- [EXERCISE OBJECTIVE] Drop every picture. Then return, exactly, the lines from the beginning of the listing below through the one containing "on Thames)で26日、耐久障害物競争「タフマダー(Tough Mudder)」が開催された。".

- [GIVEN MATERIAL]
-=-=-=-=-

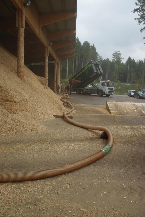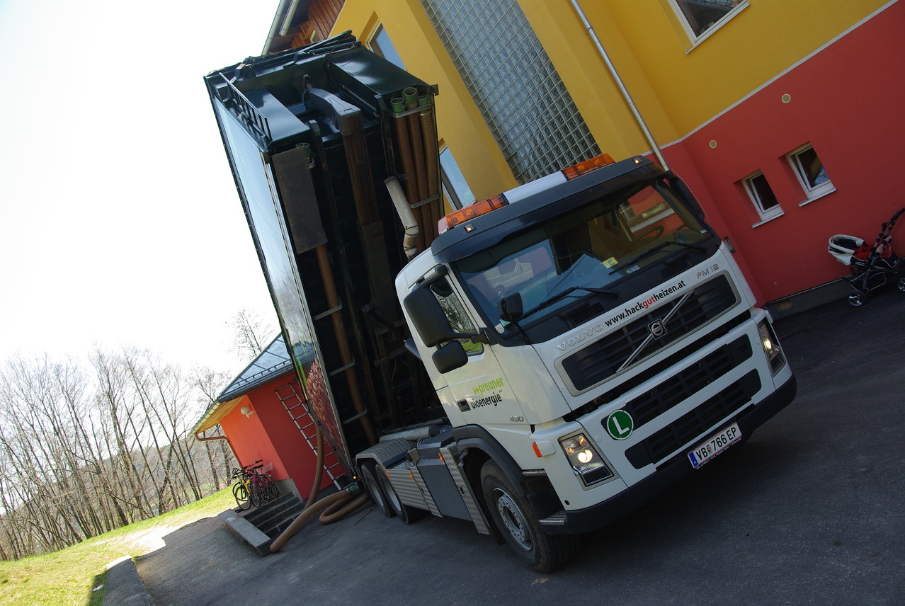 Das Spezialfahrzeug fasst 40 Kubikmeter Hackschnitzel pro Ladung und ermöglicht nicht nur eine staubfreie Anflieferung, sondern auch das Befüllen schwer zugänglicher oder verwinkelter Lagerräume. Bei einer Leistung von 1m³/Min. außerdem überzeugend schnell!
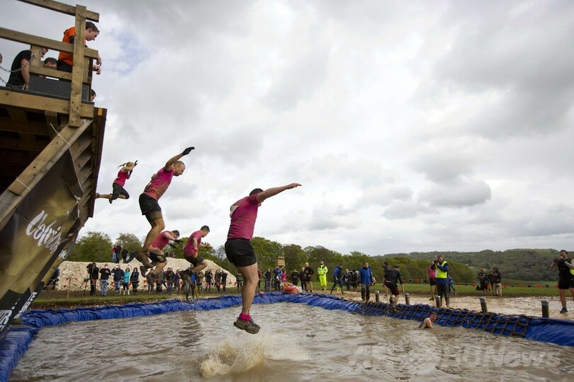 【4月27日 AFP】ロンドン(London)の西に位置するヘンリーオンテムズ(Henley on Thames)で26日、耐久障害物競争「タフマダー(Tough Mudder)」が開催された。
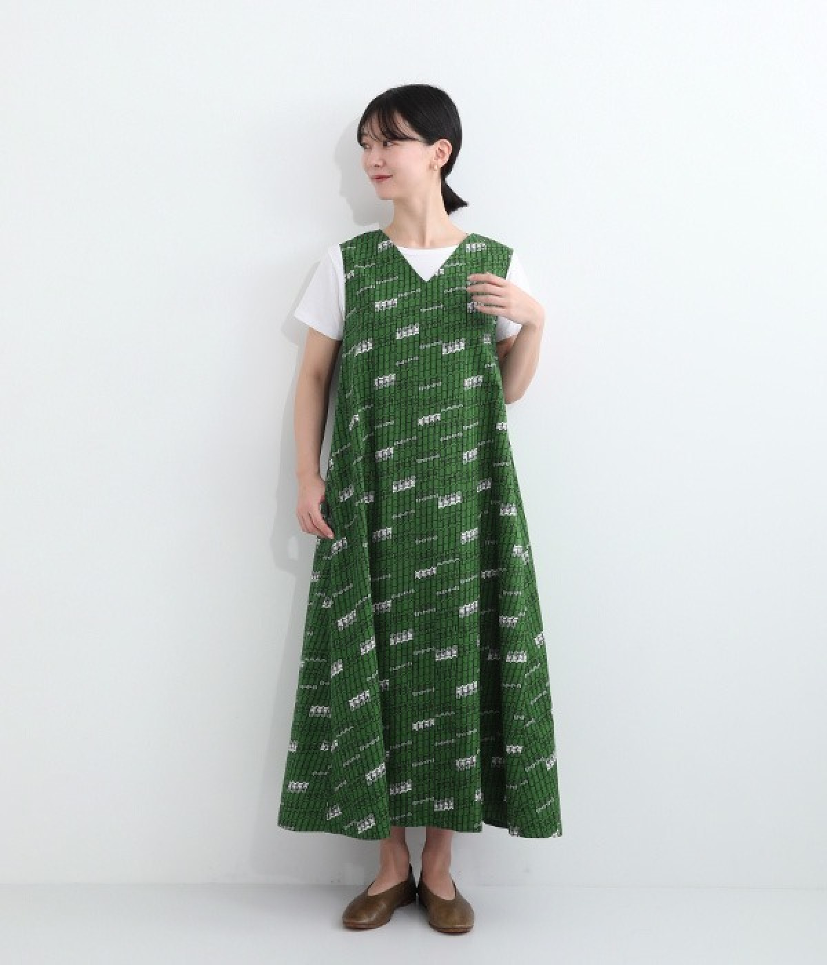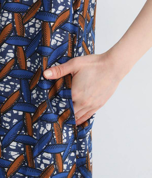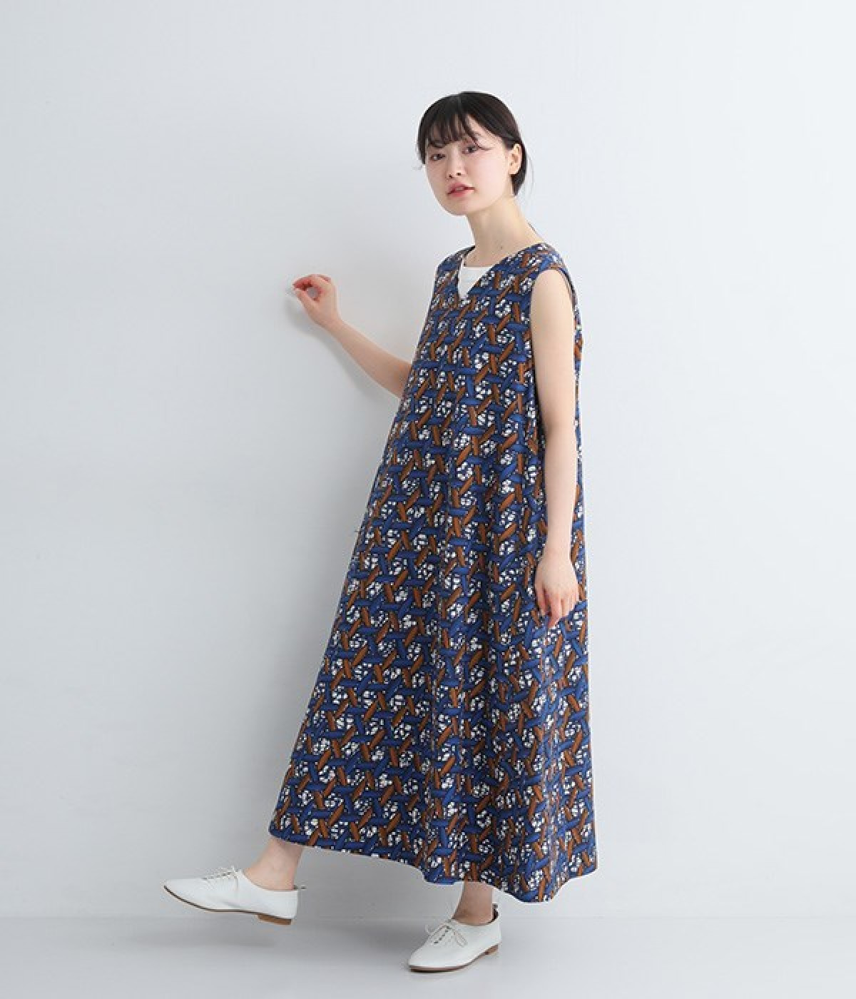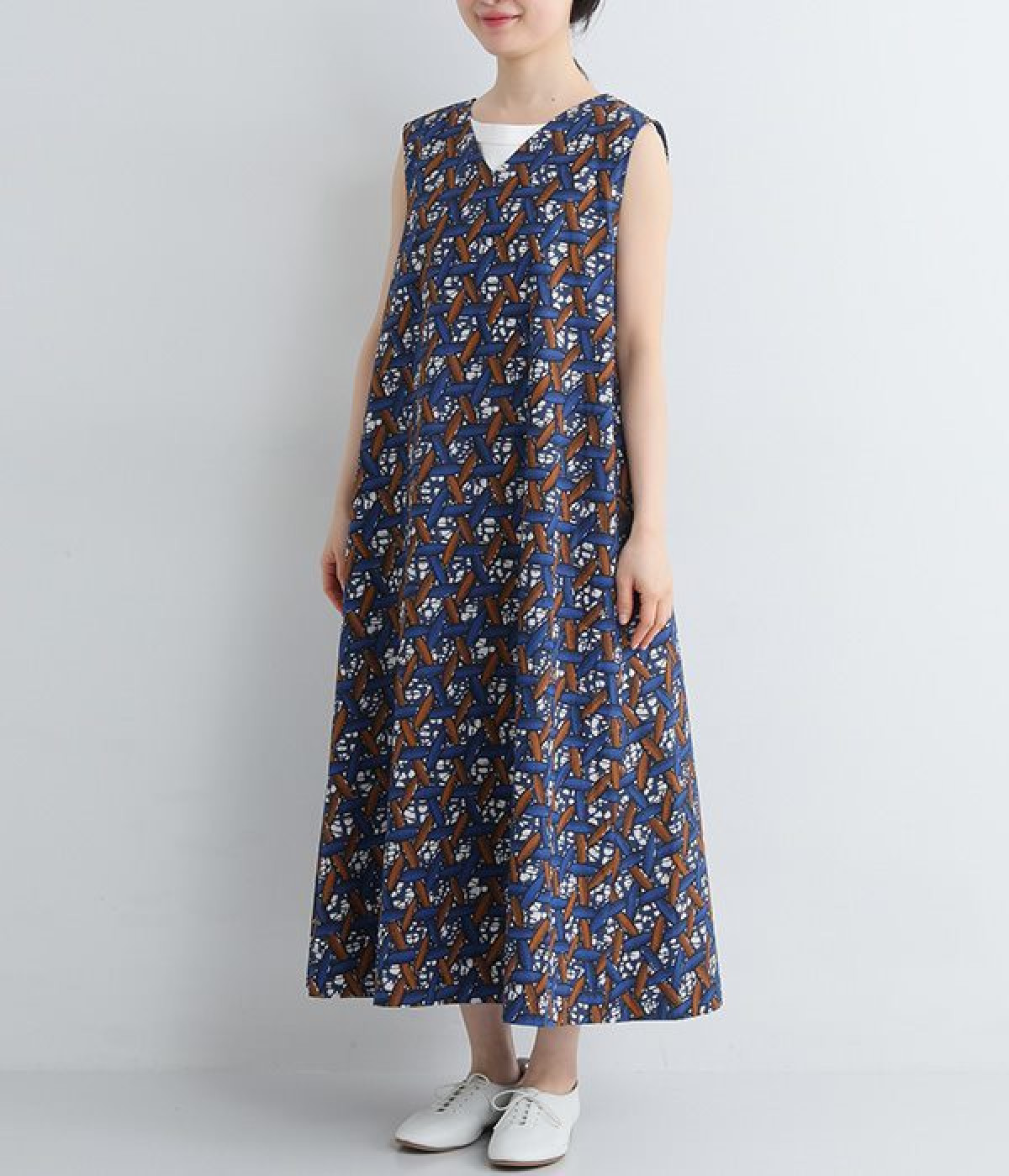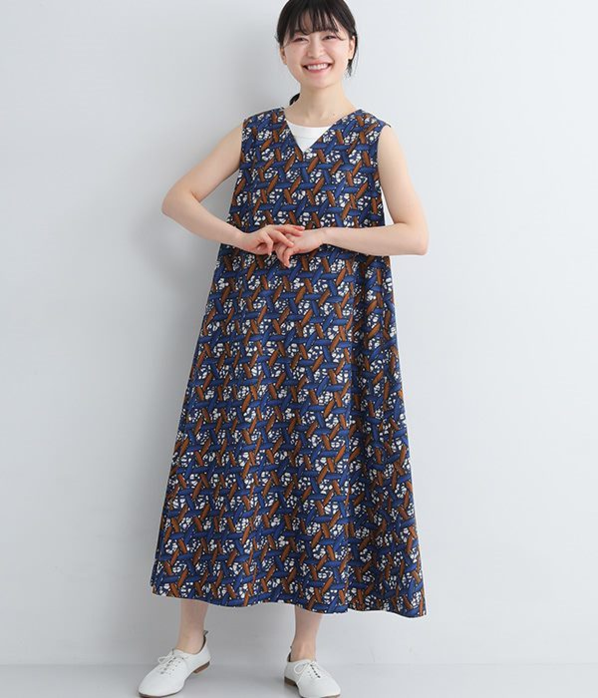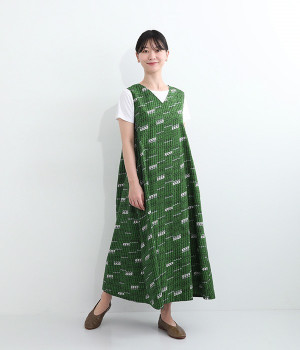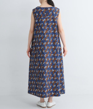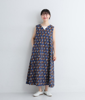 パッと目を惹く色使い&モチーフがインパクトたっぷりなプリントワンピース。適度にハリのあるコットン素材を使用し、きれいなフレアシルエットがくずれにくいのが特徴です。裏地レスでも透けにくく、インナーのラインが響きにくい生地も◎。デコルテをシャープに引き立てるVネックで、すっきり抜け感を出しています。薄地のカーディガンやパーカーともスタイリングしやすいノースリーブタイプです。
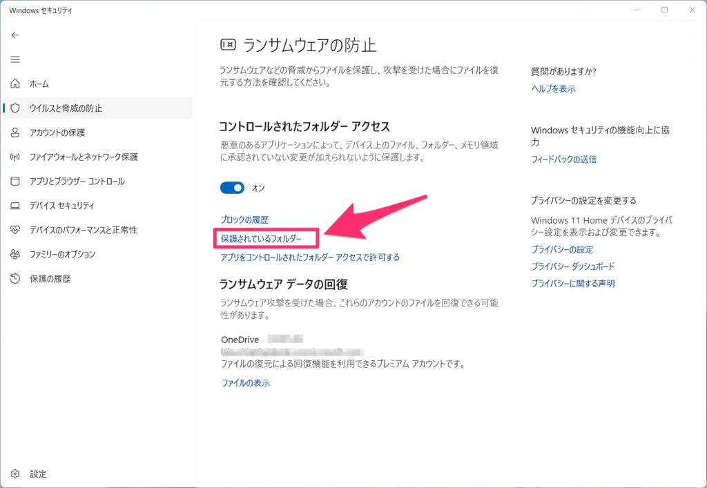 これでWindowsセキュリティでのランサムウェア対策が設定できました。

-=-=-=-=-

- [PROBLEM SOLUTION]
 Das Spezialfahrzeug fasst 40 Kubikmeter Hackschnitzel pro Ladung und ermöglicht nicht nur eine staubfreie Anflieferung, sondern auch das Befüllen schwer zugänglicher oder verwinkelter Lagerräume. Bei einer Leistung von 1m³/Min. außerdem überzeugend schnell!
 【4月27日 AFP】ロンドン(London)の西に位置するヘンリーオンテムズ(Henley on Thames)で26日、耐久障害物競争「タフマダー(Tough Mudder)」が開催された。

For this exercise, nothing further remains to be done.